▸ **DIRECTIONS**
Word for word, restate each of the records below.

===== DATA TO EXAMINE =====

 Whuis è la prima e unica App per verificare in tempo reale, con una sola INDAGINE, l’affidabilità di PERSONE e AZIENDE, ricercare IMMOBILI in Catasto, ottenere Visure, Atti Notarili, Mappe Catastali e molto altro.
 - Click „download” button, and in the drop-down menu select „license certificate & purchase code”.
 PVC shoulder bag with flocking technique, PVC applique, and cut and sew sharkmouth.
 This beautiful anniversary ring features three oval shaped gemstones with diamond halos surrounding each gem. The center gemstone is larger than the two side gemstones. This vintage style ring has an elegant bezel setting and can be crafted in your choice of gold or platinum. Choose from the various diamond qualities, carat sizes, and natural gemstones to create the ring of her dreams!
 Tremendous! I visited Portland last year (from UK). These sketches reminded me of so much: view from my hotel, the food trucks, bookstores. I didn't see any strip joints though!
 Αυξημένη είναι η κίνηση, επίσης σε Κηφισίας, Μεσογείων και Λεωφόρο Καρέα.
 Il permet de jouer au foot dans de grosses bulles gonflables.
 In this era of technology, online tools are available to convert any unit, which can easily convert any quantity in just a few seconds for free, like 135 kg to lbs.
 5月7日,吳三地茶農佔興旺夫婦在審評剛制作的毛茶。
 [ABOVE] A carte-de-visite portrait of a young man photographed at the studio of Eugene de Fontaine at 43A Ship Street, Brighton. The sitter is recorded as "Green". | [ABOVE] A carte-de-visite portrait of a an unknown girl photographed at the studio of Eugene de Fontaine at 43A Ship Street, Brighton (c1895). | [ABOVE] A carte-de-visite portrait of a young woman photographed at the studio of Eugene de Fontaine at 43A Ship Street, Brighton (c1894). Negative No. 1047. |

=====

▸ **EXERCISE ANSWER**
 Whuis è la prima e unica App per verificare in tempo reale, con una sola INDAGINE, l’affidabilità di PERSONE e AZIENDE, ricercare IMMOBILI in Catasto, ottenere Visure, Atti Notarili, Mappe Catastali e molto altro.
 - Click „download” button, and in the drop-down menu select „license certificate & purchase code”.
 PVC shoulder bag with flocking technique, PVC applique, and cut and sew sharkmouth.
 This beautiful anniversary ring features three oval shaped gemstones with diamond halos surrounding each gem. The center gemstone is larger than the two side gemstones. This vintage style ring has an elegant bezel setting and can be crafted in your choice of gold or platinum. Choose from the various diamond qualities, carat sizes, and natural gemstones to create the ring of her dreams!
 Tremendous! I visited Portland last year (from UK). These sketches reminded me of so much: view from my hotel, the food trucks, bookstores. I didn't see any strip joints though!
 Αυξημένη είναι η κίνηση, επίσης σε Κηφισίας, Μεσογείων και Λεωφόρο Καρέα.
 Il permet de jouer au foot dans de grosses bulles gonflables.
 In this era of technology, online tools are available to convert any unit, which can easily convert any quantity in just a few seconds for free, like 135 kg to lbs.
 5月7日,吳三地茶農佔興旺夫婦在審評剛制作的毛茶。
 [ABOVE] A carte-de-visite portrait of a young man photographed at the studio of Eugene de Fontaine at 43A Ship Street, Brighton. The sitter is recorded as "Green". | [ABOVE] A carte-de-visite portrait of a an unknown girl photographed at the studio of Eugene de Fontaine at 43A Ship Street, Brighton (c1895). | [ABOVE] A carte-de-visite portrait of a young woman photographed at the studio of Eugene de Fontaine at 43A Ship Street, Brighton (c1894). Negative No. 1047. |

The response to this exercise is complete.